Indications for caesarean sections at ≥34 weeks among nulliparous women and differential composite maternal and neonatal morbidity
Department of Obstetrics and Gynecology, Eastern Virginia Medical School, Norfolk, VA, USA
Correspondence: SP Chauhan, MD, Department of Obstetrics, Gynecology and Reproductive Sciences University of Texas Health Science Center at Houston 6431 Fannin, Suite 3.264 Houston, TX 77030, USA. Email: Suneet.P.Chauhan@uth.tmc.edu
To compare composite maternal and neonatal morbidities (CMM, CNM) among nulliparous women with primary indications for caesarean section (CS) as acute clinical emergency (group I; ACE), non-reassuring fetal heart rate (group II) and arrest disorder (group III).
A multicentre prospective study.
Nineteen academic centres in the USA, with deliveries in 1999–2002.
Nulliparous women (n = 9829) that had CS.
Nulliparous women undergoing CS for three categories of indications were compared using logistic regression model, adjusted for five variables.
Main outcome measures
CMM was defined as the presence of any of the following: intrapartum or postpartum transfusion, uterine rupture, hysterectomy, cystotomy, ureteral or bowel injury or death; CNM was defined as the presence of any of the following: umbilical arterial pH <7.00, neonatal seizure, cardiac, hepatic, renal dysfunction, hypoxic ischaemic encephalopathy or neonatal death.
The primary reasons for CS were ACE in 1% (group I, n = 114) non-reassuring FHR in 29% (group II; n = 2822) and failed induction/dystocia in the remaining 70% (group III; n = 6893). The overall risks of CMM and CNM were 2.5% (95% confidence intervals, CI, 2.2–2.8%) and 1.9% (95% CI 1.7–2.2), respectively. The risk of CMM was higher in group I than in group II (RR 4.1, 95% CI 3.1, 5.3), and group III (RR 3.2, 95% CI 2.7, 3.7). The risk of CNM was also higher in group I than in group II (RR 2.8, 95% CI 2.3, 3.4) and group III (RR 14.1, 95% CI 10.7, 18.7).
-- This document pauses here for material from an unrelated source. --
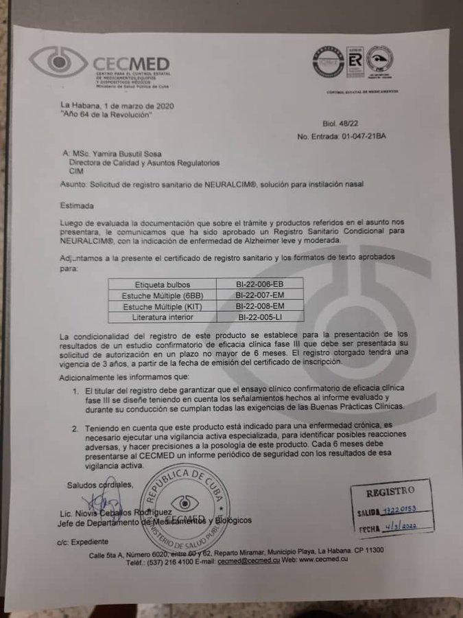 Laut dem von Cecmed herausgegebenen Dokument wurde die Registrierung für NeuralCim (der Handelsname von NeuroEpo) nach Bewertung der von CIM eingereichten Unterlagen genehmigt.

Nulliparous women who have acute clinically emergent caesarean sections are at the highest risks of both composite maternal and neonatal morbidity and mortality.
In the USA, the rate of caesarean section among nulliparous women has increased from 21% in 1996 to 27% in 2003, reflecting a 28% increase over an 8-year period. A multicentre study (2005–2007) involving 19 hospitals noted that one in three nulliparous women underwent caesarean delivery. The risk factors and purported reasons for the increase are advanced maternal age,[3, 4] ethnicity with increased likelihood among black women, gestational age (lower at 39 weeks versus beyond), overweight and obesity,[7, 8] high-risk pregnancy, tocophobia,[9, 10] labour induction,[5, 11] high fetal station in active phase of labour, suspected macrosomia, practice patterns within a hospital, and liability concerns.[15, 16]
The disquieting aspects of the temporal increase in the caesarean section rate are the appreciably higher likelihood of intra- and postpartum complications associated with caesarean section[17-19] and in subsequent pregnancies an increased rate of placental complications, small for gestational age, preeclampsia, uterine rupture and hysterectomy.[18, 20, 21] The World Health Organization's recommendation that the caesarean section rate should be 15% is understandable and concerted attempts to decrease the rates of caesarean section are underway.[23, 24]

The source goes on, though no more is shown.